# Get spectrum from autocorrelation function using fft()

I would like to observe Fourier Spectrum, got through Autocorrelation function. This is my code:

    clear;clc;

%% generate x-axe
first_step=0;
step_t=0.01;
last_step=1;
t=first_step:step_t:last_step;

%% signal and fourier transform
y=  2*sin(2*pi*60*t) ;
figure(1)
plot(t,y);title('signal')
fourier=fft(y );
N_=length(fourier);
f_ = (1 / step_t)  *   (   0:    (N_/2)   )    /    N_;
a=(fourier.*conj(fourier))/(N_*N_);  % Spectral Density get half
a = a(1:N_ /2+1);
a(2:end-1) = 4*a(2:end-1);
figure(2);
plot(f_,a);title('Spectrum Power through signal');

%% through AutoCorrelation function
tau=0.01;
y1=  2*sin(2*pi*60*(t+tau)) ;
Y=y1.*y;
AutoCorr_func = cumtrapz(Y,t);

figure(3);
plot(t,AutoCorr_func); title('AutoCorrelation function');
fourier=fft(AutoCorr_func);
N_=length(fourier);
f_ = (1 / step_t)  *   (   0:    (N_/2)   )    /    N_;
a=fourier.*conj(fourier) ; % Spectral Density
a = a(1:N_ /2+1);          % spectrum is even, so get half
a(2:end-1) =  a(2:end-1);  % multiply by 4, since spectrum is square of amplitude, and we have two even halves

figure(4)
plot(f_ ,a );
title('Spectrum through AutoCorrelation funciton');


and I get this

so a few questions:

1) why I get so strang ACF? It has to be periodic, since y and y1 are strongly periodic. Is sonething wrong with it? maybe here

Y=y1.*y;
AutoCorr_func = cumtrapz(Y,t);


but Acf is an integral and I am trying to get an array numerically.

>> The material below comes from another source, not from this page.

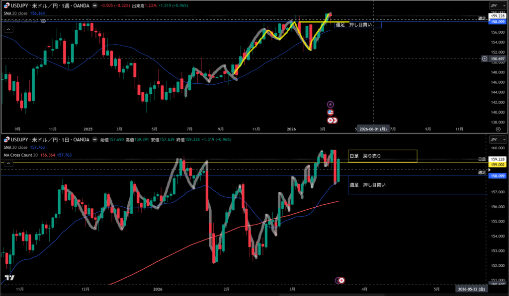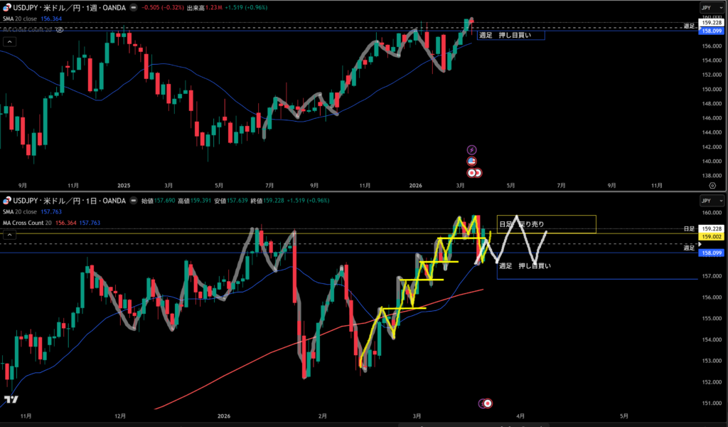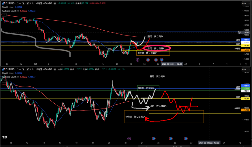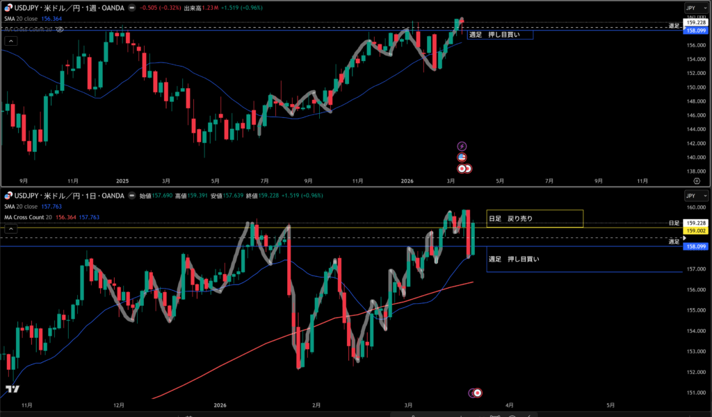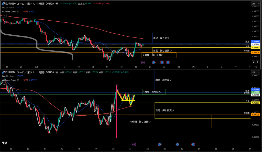黄色水平線の上に日足の戻り売り勢力がいる。

2) My tries to get power density through Acf are the same as in the simple case, without using Acf, but Figure 2 gives correct resultL frequency = 42 and power is square of amplitude, in my case it should be 4, but I have around 2. What is the problem...?

3) How to get correct power density through Acf, what am I doing wrong?

Any help would be greatly appreciate! Thank you in advance!